- _WHAT THE EXERCISE ASKS_
Reproduce, word for word, the lines in the material below starting with the one that has "toxocariasis presenting as" and going on through the one that has "金秋十月,九九话重阳,为进一". Leave out all pictures.

- _TASK MATERIAL_
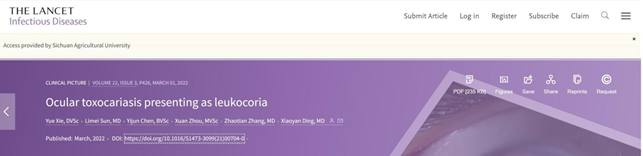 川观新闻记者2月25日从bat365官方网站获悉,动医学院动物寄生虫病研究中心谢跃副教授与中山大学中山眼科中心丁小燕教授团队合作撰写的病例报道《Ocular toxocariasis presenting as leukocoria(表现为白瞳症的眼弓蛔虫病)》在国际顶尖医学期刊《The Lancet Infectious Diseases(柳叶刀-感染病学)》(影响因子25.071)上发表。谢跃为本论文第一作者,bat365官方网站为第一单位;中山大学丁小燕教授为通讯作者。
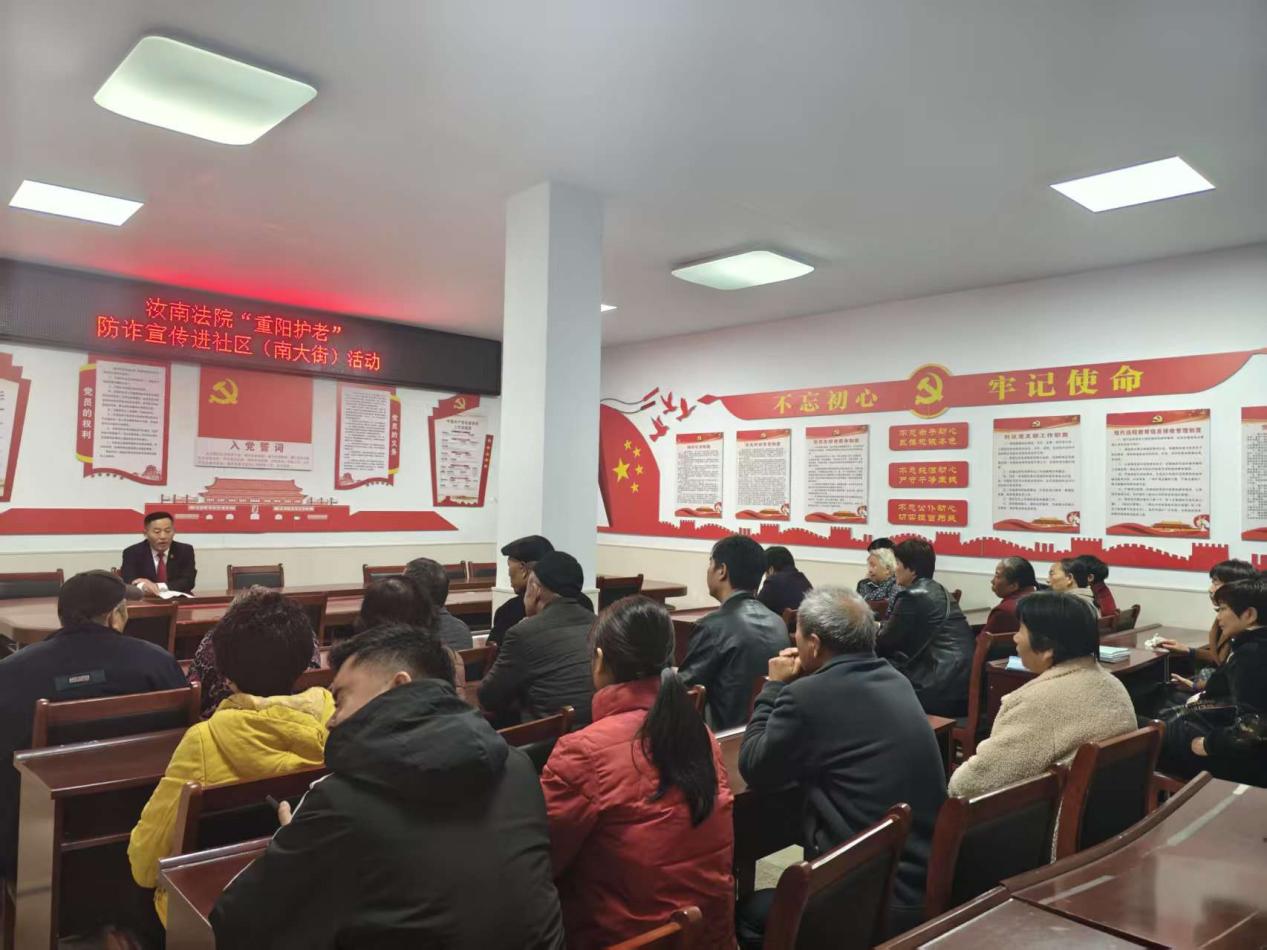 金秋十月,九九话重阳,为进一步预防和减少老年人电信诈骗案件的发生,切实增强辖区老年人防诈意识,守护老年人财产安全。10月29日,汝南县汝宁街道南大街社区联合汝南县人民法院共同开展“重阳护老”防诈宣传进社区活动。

==

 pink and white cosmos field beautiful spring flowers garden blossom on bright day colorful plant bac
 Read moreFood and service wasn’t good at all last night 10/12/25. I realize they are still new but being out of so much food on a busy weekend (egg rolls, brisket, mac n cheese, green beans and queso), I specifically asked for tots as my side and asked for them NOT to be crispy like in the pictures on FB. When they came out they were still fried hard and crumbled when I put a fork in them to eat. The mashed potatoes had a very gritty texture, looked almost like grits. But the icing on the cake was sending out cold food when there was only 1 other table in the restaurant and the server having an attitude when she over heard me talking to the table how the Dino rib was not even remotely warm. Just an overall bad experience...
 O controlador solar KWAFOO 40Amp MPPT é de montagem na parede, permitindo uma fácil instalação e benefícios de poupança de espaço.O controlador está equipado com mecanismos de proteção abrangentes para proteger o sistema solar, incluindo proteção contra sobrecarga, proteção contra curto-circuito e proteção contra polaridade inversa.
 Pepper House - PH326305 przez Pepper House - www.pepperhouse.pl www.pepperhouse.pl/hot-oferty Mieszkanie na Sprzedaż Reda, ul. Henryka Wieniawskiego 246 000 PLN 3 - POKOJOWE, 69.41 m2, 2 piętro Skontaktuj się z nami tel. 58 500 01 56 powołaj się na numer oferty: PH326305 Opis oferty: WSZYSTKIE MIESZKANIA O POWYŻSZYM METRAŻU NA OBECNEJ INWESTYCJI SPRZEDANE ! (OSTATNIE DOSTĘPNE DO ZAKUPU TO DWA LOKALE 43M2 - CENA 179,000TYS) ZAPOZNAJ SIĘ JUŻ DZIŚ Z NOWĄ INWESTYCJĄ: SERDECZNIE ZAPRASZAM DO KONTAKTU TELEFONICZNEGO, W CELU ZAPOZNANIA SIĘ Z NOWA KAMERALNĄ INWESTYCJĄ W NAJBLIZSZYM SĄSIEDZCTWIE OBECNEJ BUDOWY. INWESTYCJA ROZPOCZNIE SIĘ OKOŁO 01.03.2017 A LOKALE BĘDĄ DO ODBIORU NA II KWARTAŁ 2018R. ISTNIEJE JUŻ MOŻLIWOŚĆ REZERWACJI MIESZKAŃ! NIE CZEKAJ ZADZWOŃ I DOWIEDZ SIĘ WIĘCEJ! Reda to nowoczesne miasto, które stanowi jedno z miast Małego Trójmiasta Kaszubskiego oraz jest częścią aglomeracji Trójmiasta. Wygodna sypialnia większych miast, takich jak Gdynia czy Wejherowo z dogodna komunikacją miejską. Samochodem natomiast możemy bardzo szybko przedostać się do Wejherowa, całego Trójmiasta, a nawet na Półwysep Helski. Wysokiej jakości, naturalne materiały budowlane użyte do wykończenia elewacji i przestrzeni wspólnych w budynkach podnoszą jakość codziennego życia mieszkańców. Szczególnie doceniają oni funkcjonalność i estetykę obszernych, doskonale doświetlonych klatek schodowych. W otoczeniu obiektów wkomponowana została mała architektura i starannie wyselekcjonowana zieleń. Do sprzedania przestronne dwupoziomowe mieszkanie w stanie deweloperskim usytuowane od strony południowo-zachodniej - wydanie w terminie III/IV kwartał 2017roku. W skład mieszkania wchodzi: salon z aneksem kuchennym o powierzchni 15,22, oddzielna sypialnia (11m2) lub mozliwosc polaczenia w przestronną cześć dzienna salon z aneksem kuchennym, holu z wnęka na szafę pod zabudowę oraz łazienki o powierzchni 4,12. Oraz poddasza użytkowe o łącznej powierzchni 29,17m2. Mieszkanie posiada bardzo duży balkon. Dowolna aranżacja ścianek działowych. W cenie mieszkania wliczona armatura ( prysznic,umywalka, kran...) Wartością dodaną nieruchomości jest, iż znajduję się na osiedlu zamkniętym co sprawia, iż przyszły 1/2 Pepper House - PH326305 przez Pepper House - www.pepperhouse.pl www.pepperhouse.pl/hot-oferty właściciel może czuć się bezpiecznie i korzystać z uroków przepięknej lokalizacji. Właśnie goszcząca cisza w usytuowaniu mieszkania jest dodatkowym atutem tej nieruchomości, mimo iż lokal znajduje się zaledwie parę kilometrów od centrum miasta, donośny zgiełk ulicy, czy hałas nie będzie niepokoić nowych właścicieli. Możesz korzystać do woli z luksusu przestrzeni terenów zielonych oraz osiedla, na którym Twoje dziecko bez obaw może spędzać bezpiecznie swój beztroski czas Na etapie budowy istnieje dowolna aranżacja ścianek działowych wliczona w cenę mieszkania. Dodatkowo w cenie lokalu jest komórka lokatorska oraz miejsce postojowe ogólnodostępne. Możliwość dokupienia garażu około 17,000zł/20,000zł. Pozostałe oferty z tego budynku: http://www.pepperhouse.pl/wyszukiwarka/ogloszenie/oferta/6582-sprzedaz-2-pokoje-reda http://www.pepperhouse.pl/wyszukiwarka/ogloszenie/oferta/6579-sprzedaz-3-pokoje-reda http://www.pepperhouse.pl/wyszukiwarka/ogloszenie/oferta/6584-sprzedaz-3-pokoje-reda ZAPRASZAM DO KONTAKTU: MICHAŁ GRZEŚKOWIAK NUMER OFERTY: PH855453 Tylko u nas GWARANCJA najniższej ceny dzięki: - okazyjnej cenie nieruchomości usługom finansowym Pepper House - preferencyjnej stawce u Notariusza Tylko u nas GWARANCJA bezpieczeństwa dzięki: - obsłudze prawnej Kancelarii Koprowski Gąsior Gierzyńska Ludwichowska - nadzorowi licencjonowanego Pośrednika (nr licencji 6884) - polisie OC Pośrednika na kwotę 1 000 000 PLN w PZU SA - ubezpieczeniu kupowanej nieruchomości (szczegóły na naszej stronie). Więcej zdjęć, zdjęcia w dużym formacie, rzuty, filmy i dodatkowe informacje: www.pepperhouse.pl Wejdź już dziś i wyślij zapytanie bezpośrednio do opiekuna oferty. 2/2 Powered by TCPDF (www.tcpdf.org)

- _SOLUTION TO THIS EXERCISE_
 川观新闻记者2月25日从bat365官方网站获悉,动医学院动物寄生虫病研究中心谢跃副教授与中山大学中山眼科中心丁小燕教授团队合作撰写的病例报道《Ocular toxocariasis presenting as leukocoria(表现为白瞳症的眼弓蛔虫病)》在国际顶尖医学期刊《The Lancet Infectious Diseases(柳叶刀-感染病学)》(影响因子25.071)上发表。谢跃为本论文第一作者,bat365官方网站为第一单位;中山大学丁小燕教授为通讯作者。
 金秋十月,九九话重阳,为进一步预防和减少老年人电信诈骗案件的发生,切实增强辖区老年人防诈意识,守护老年人财产安全。10月29日,汝南县汝宁街道南大街社区联合汝南县人民法院共同开展“重阳护老”防诈宣传进社区活动。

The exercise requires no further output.